::: Record excerpts

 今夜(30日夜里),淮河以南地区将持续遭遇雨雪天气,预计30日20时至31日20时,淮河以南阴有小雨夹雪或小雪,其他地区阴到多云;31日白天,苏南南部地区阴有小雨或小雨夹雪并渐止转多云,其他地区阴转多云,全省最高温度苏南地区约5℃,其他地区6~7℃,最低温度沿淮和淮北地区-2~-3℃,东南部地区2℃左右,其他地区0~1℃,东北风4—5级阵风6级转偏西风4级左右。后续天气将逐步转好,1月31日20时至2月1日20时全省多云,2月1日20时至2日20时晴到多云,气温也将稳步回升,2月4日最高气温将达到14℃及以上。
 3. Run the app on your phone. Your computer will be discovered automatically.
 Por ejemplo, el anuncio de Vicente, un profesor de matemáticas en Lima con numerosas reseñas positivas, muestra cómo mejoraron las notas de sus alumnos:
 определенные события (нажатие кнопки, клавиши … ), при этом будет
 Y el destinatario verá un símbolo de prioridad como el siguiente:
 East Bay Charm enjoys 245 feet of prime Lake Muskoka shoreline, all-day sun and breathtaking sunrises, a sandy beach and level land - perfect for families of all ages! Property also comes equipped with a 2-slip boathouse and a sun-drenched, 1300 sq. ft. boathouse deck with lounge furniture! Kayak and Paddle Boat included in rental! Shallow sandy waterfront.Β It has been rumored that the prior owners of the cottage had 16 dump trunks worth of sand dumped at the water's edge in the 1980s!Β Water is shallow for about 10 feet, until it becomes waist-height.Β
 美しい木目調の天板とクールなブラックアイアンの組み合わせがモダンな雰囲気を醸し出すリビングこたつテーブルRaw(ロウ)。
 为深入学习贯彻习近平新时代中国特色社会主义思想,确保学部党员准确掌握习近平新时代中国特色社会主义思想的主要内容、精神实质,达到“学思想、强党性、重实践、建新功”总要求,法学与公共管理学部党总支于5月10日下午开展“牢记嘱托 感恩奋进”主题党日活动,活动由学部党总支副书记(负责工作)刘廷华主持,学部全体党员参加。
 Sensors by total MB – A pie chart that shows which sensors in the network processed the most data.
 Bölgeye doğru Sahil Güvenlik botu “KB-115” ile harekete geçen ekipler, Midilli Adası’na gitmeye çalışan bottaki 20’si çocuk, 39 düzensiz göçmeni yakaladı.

::::::

■ Work item
Starting at the line that contains "美しい木目調の天板とクールな", write out every line to the end of the entries, exactly as given.

■ Exercise result
 美しい木目調の天板とクールなブラックアイアンの組み合わせがモダンな雰囲気を醸し出すリビングこたつテーブルRaw(ロウ)。
 为深入学习贯彻习近平新时代中国特色社会主义思想,确保学部党员准确掌握习近平新时代中国特色社会主义思想的主要内容、精神实质,达到“学思想、强党性、重实践、建新功”总要求,法学与公共管理学部党总支于5月10日下午开展“牢记嘱托 感恩奋进”主题党日活动,活动由学部党总支副书记(负责工作)刘廷华主持,学部全体党员参加。
 Sensors by total MB – A pie chart that shows which sensors in the network processed the most data.
 Bölgeye doğru Sahil Güvenlik botu “KB-115” ile harekete geçen ekipler, Midilli Adası’na gitmeye çalışan bottaki 20’si çocuk, 39 düzensiz göçmeni yakaladı.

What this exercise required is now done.